Up, up and away for avalanche teams

Handlers and dogs of the Wanaka Search and Rescue search-dog team at their first helicopter...
Handlers and dogs of the Wanaka Search and Rescue search-dog team at their first helicopter exercise for the winter at Treble Cone yesterday. They are (from left) Aspiring Helicopters pilot James Ford, team leader Matt Gunn and Rocket, Brendan Kearns and Millie, Andy Wardell and Tuki, Anna Easthope and Rua and Ra and Callum Grant and Zeffer. Photo by Matt Gunn.
The avalanche dogs of the Southern Lakes region and their handlers spent yesterday dangling on 20m strops, or long-lines, beneath helicopters as they undertook a refresher course at Treble Cone skifield.

Search and Rescue search dogs team leader Matt Gunn, of Albertown, said the five handlers and six dogs came through "exceptionally well".

Mr Gunn said the dogs reflected the confidence of their handlers: "We're in work mode.

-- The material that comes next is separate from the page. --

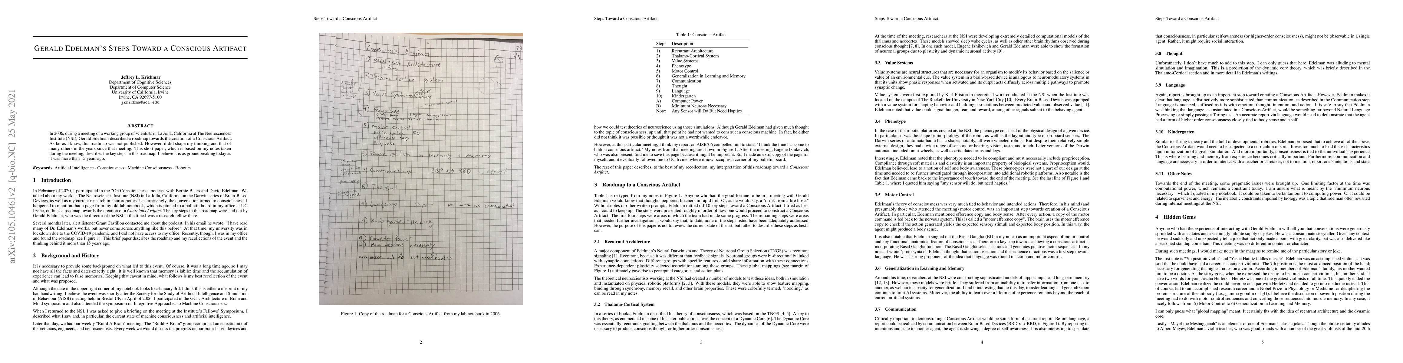 In 2006, during a meeting of a working group of scientists in La Jolla, California at The Neurosciences Institute (NSI), Gerald Edelman described a roadmap towards the creation of a Conscious Artifact. As far as I know, this roadmap was not published. However, it did shape my thinking and that of many others in the years since that meeting. This short paper, which is based on my notes taken during the meeting, describes the key steps in this roadmap. I believe it is as groundbreaking today as it was more than 15 years ago.
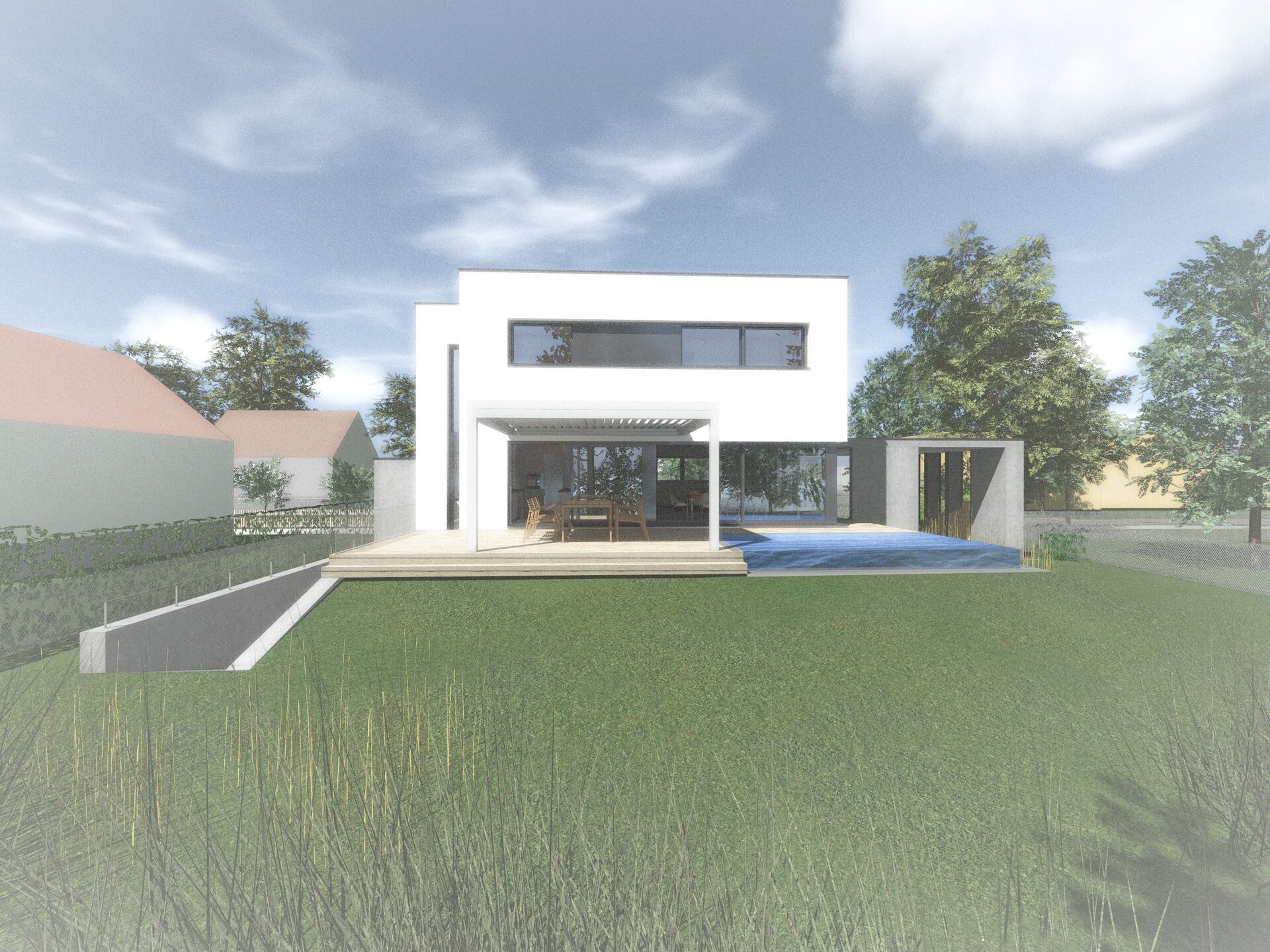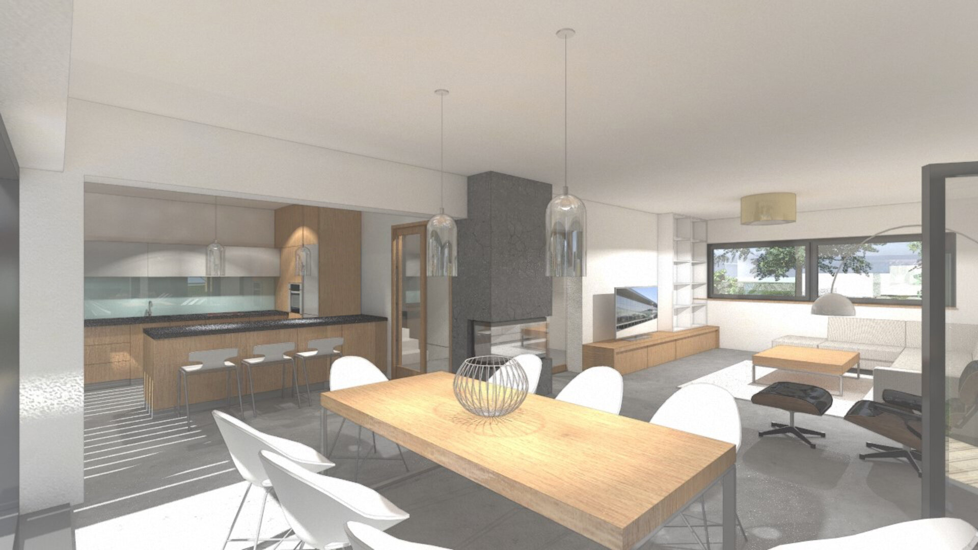 Interiér navržený ve světlých barvách, v jednoduchém, nadčasovém pojetí. Barevně dominuje přírodní dub, bílá a šedé odstíny.

"We take it seriously. And the dogs pick up on that."

Mr Gunn said the handlers found it "very, very exciting" to be lifted off the skifield car park several hundred metres into the air, while the dogs were less enthusiastic but well-behaved.

"They kind of give you the impression that they know there's no getting out of it and they might as well just relax the best they can and enjoy the ride."

He said the exercise was about refreshing the handlers in protocols around helicopters and use of the strop, and for the dogs, it was important to create a positive association with helicopters.

Mr Gunn said on one occasion, a helicopter carried on its strop - rated to carry 300kg - two members of the cliff rescue team, one dog handler and a dog.

Dogs best suited to avalanche work were those with good work ethics such as collie crosses, Labradors, pointers and springer spaniels.

During the ski season, avalanche dogs and handlers are on standby at all the major skifields in the region.

Mr Gunn said the dog team had one vacancy at present - for a handler with search and rescue experience willing to train a dog for bush searching.